To give a brief-ish Tekken example to kind of show the relative transferability of the concept, Julia Chang, a relatively-boring-character-designed American-Indian chick has a jab string that can end in a mid, a low or a delayed mid.
People generally in Tekken block high due to the fact that launchers that lead to large damage combos GENERALLY come from mid attacks that are unsafe on block. So, abusing that with Julia’s block chain, end it in a low which should catch them, then end it with a low again.
If they block low, start ending it with the mid. They’ll then probably start trying to hit you AFTER the mid followup is used a few times, so change the rules AGAIN and use the delayed-mid which feints the final mid hit, comes out slower and catches counter-attackers. OR you could just do the first hit of the block chain after they’ve been trained to block mid, then attempt to throw them, which will catch a standing opponent, even if they are blocking.
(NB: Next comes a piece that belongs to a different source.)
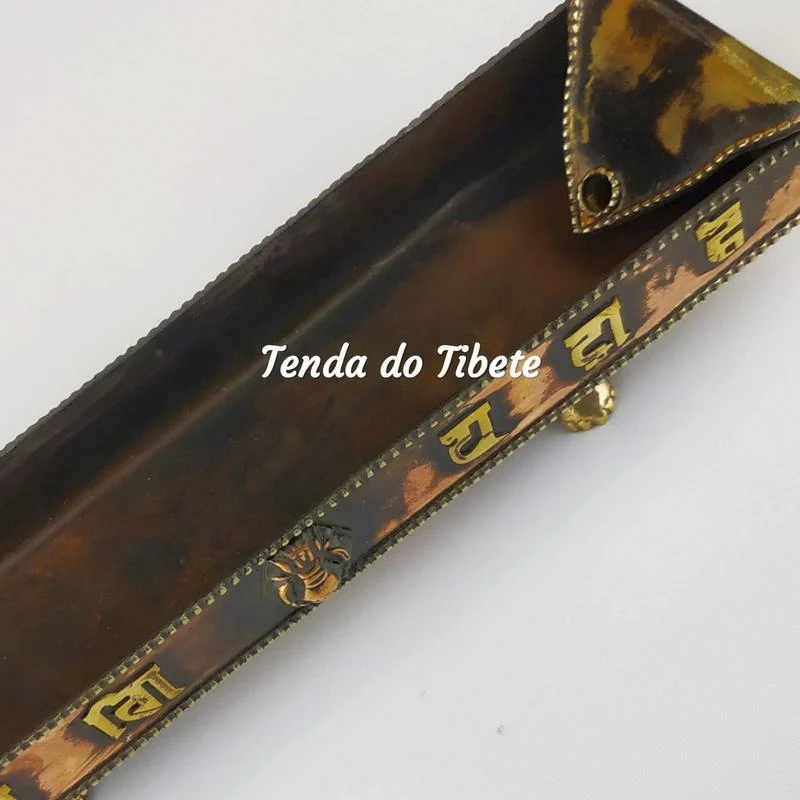 Incensário feito à mão em cobre com o Mantra Om Mani Padme Hum gravado em latão. Peça lindíssima feita à mão no Nepal.

If they aren’t expecting it, they probably won’t be able to escape it.
Essentially, you have a move you want to use, they have a counter to it, you have a counter to their counter and it all goes around in circles until you can get back to the original move you want to use. And this is pretty much a giant rehash of this much better article.
Rock-Paper-Scissors-Lizard-Spock, it’s all there is to it, really.